Das Klima wird sich soweit ändern das es ordentlich Probleme macht. Nebenher läuft der Kapitalismus weiter ins verderben.

Stolz auf meine Rasse bin ich nicht, und die Zukunft für meine Kinder stell ich mir grausam vor.

Es geht nicht darum dass die Kinder die Umwelt belasten, sondern das unsere jetzige Umweltbelastung eine schlechte Zukunft voller Probleme schaft, auch wenn die nahe Zukunft Klimafreundlich wäre.
Irgendwo wäre es doch egoistisch Kinder zu machen ohne die Zukunft derer zu sichern

Das ist eine sehr rationale logische Konsequenz, wenn man erreichen möchte, dass das eigene Leben einen möglichst geringen negativen Einfluss auf die Umwelt erzeugt.

Leider geht das so hart gegen unsere Natur, dass es irgendwie andere sinnvolle Wege geben muss.
Aber wie schon angedeutet: Solch eine Haltung ist nur konsequent.

Ich stimme dir zu aber konsequentes Weiterdenken(!) der Idee läuft in massive ethische Probleme.

Die harmloseren Varianten davon:

- Sind Paare mit Kindern dann "Umweltsäue"? Oder ihre Kinder? [Stigmatisierung, erster Akt...]

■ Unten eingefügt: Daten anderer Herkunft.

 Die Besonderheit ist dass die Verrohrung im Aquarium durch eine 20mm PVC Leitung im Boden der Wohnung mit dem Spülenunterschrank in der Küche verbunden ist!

Bei ausreichend großem Konsens über obigen Ansatz:

- Wie frei sind dann noch Entscheidungen relativ zu den Standards der eigenen peer group?

- Wird eine instututionelle/gesellschaftliche Regulation befürwortet? (Ein-Kind-Ehe) [Stigmatisierung, zweiter Akt...]

Extrem-Beispiel:

- die freie Entscheidung zum klimafreundlichen Suizid, um Ressourcen zu sparen

Im Kontext des Bildes habe ich mich auf die persönliche Entscheidung einer Einzelperson bezogen.

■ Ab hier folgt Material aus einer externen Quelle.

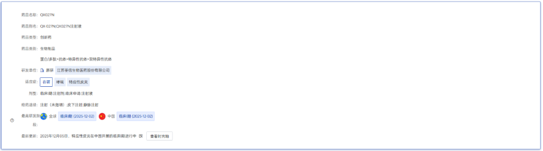 值得注意的是,QX027N在今年11月获得国家药监局临床试验默示许可,12月12日才完成I期首例受试者入组,拟用于治疗哮喘及特应性皮炎。Windward Bio作为专注于免疫疾病的临床阶段公司,其管线中已有同类项目WIN027,此次合作形成战略协同。

Die von dir genannten Probleme sind eher aus dem gesamtgesellschaftlichen Blickwinkel, den ich im Bezug auf das Bild aber etwas weit ausgeholt empfinde. Thematisch bin ich aber völlig bei dir.

Deine Punkte hier mit meiner Meinung durchzukauen hätte ich zwar einerseits Lust, aber hab dazu gerade weder Nerv noch Zeit :)

Kann ich verstehen. Keine Kinder wegen des Familienklimas würde aber mehr Sinn ergeben.